_About this exercise_. If pictures are present, leave them out, and copy the data word for word.

_Stored data_.
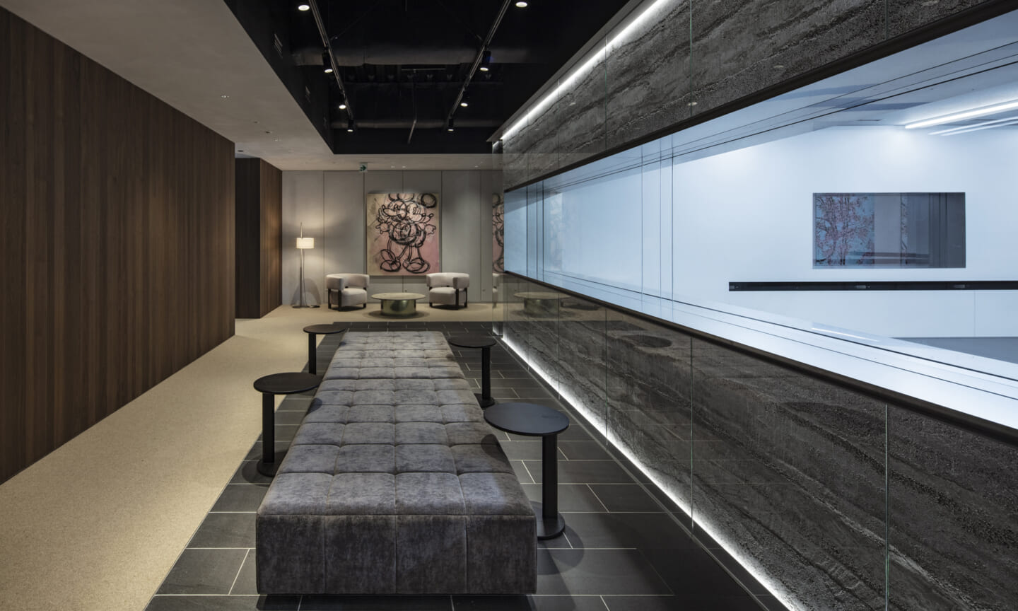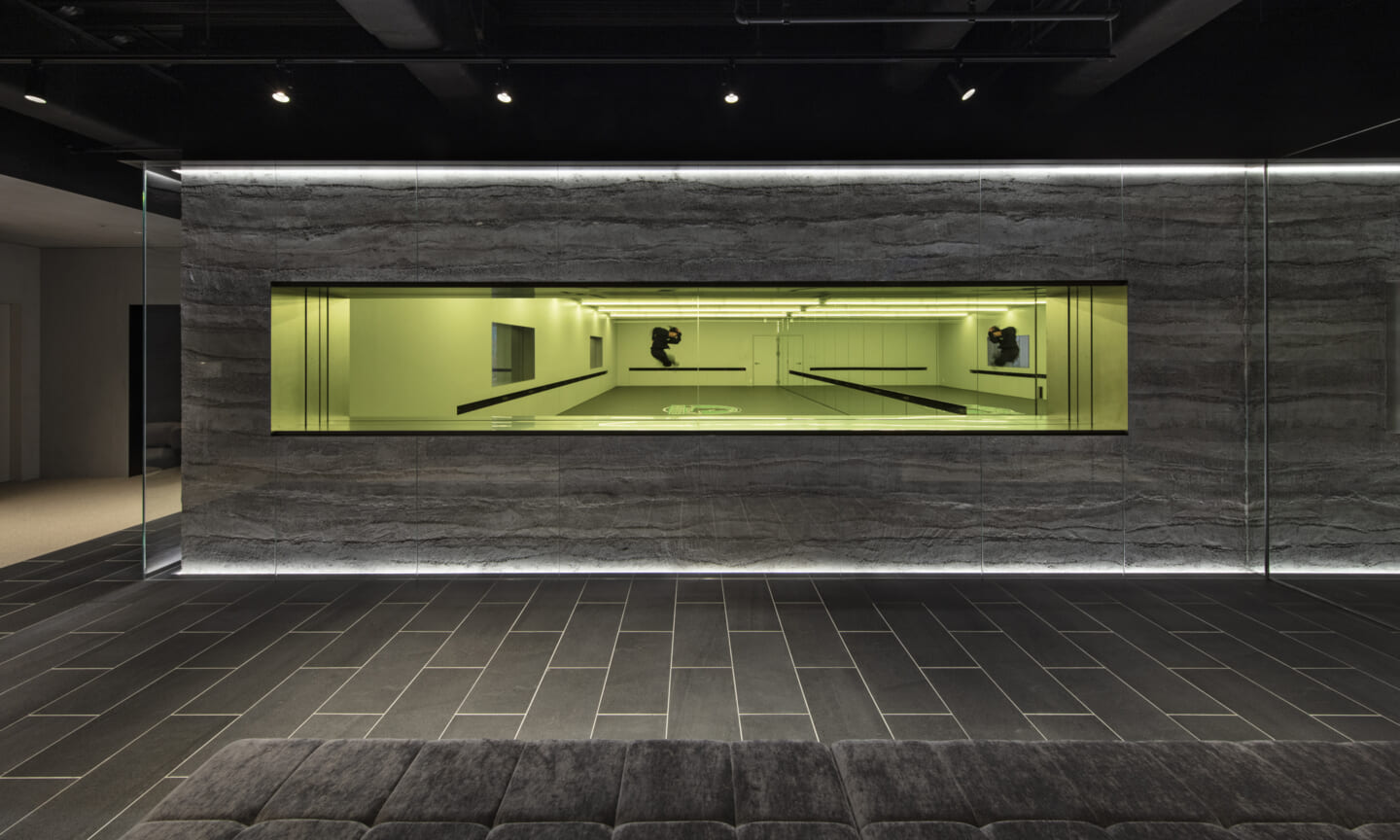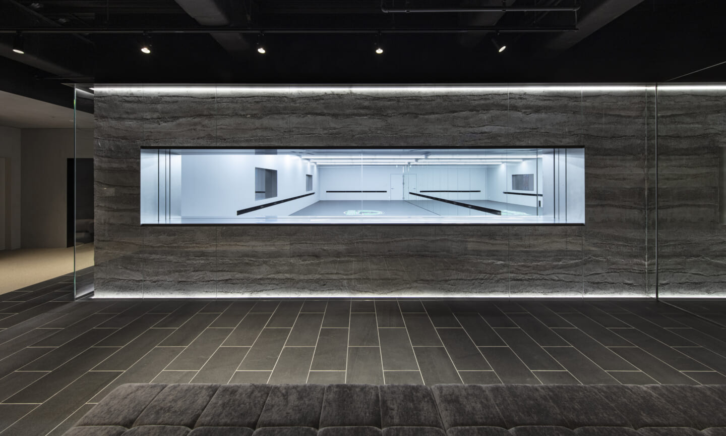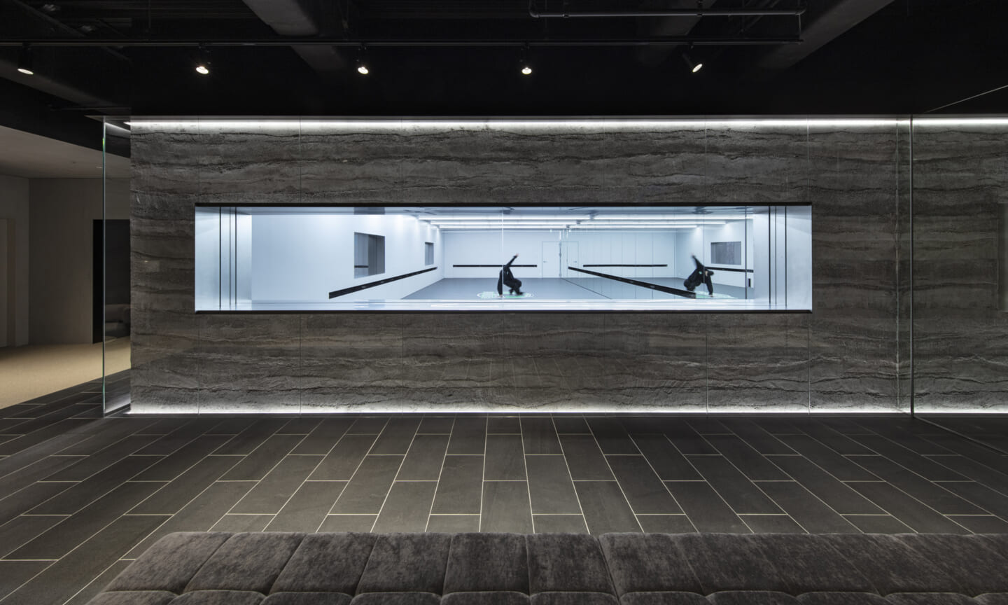 計画の要であるダンススタジオは、来客フロアの中心に配置した。版築左官壁の量塊をガラスで包み込み、間接照明によって柔らかく浮かび上がらせている。待合や通路に設けた開口部からは、内部のダンスの様子がアートのように切り取られ、点在するアート作品と呼応しながら、空間全体にギャラリーのような空気感をもたらす。一方、ダンススタジオからは、来客フロアの風景が対景として印象的に立ち上がる。
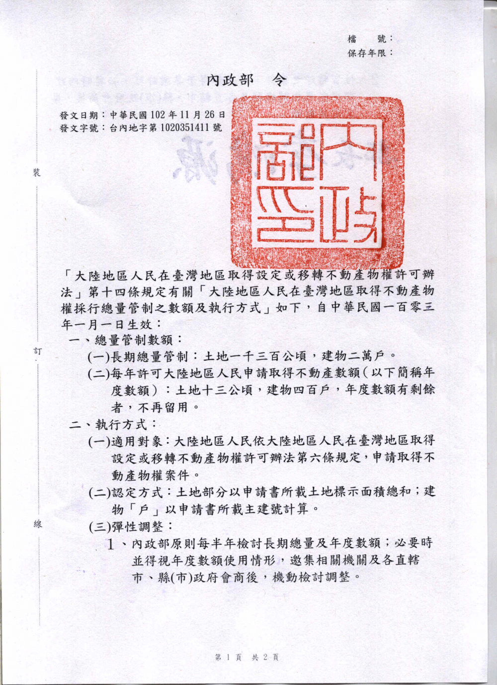 內政部訂定發布「大陸地區人民在臺灣地區取得設定或移轉不動產物權許可辦法」第14條規定有關「大陸地區人民在臺灣地區取得不動產物權採行總量管制之數額及執行方式」,並自103年1月1日生效一案。
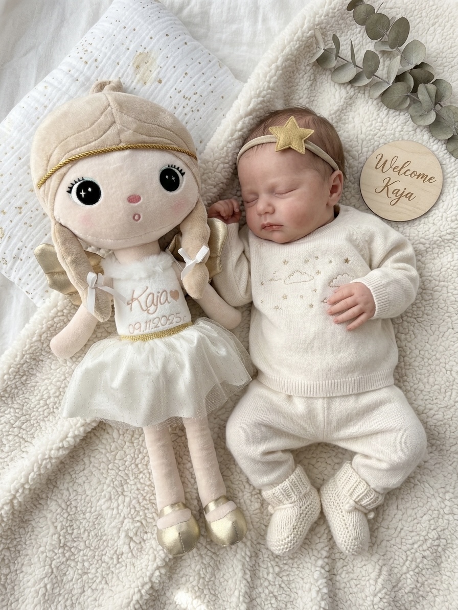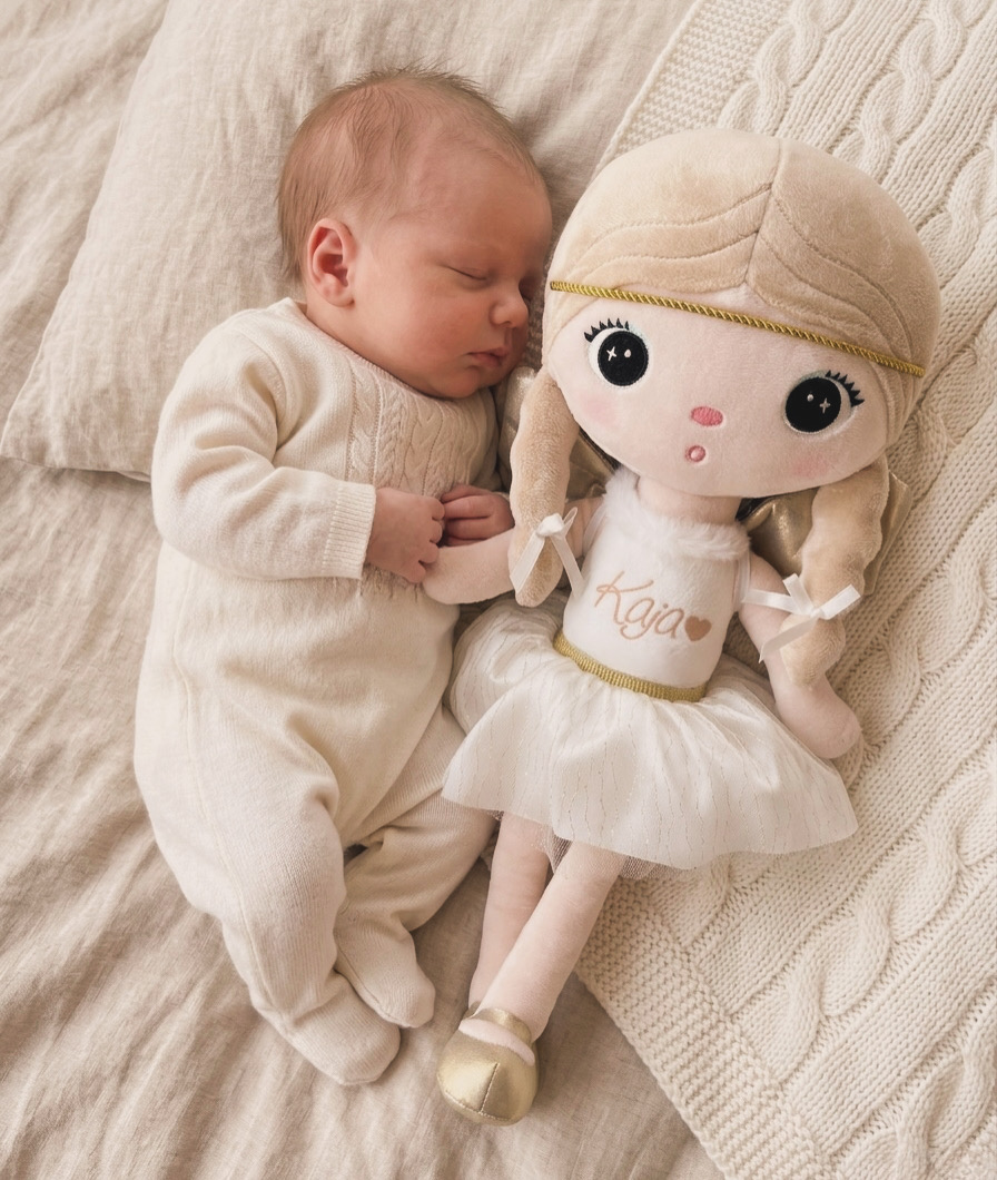 Biało-złota laleczka, ze względu na symbol Anioła, to piękny prezent na Chrzest Święty, Mikołaja i Gwiazdkę.

_Output_.
 計画の要であるダンススタジオは、来客フロアの中心に配置した。版築左官壁の量塊をガラスで包み込み、間接照明によって柔らかく浮かび上がらせている。待合や通路に設けた開口部からは、内部のダンスの様子がアートのように切り取られ、点在するアート作品と呼応しながら、空間全体にギャラリーのような空気感をもたらす。一方、ダンススタジオからは、来客フロアの風景が対景として印象的に立ち上がる。
 內政部訂定發布「大陸地區人民在臺灣地區取得設定或移轉不動產物權許可辦法」第14條規定有關「大陸地區人民在臺灣地區取得不動產物權採行總量管制之數額及執行方式」,並自103年1月1日生效一案。
 Biało-złota laleczka, ze względu na symbol Anioła, to piękny prezent na Chrzest Święty, Mikołaja i Gwiazdkę.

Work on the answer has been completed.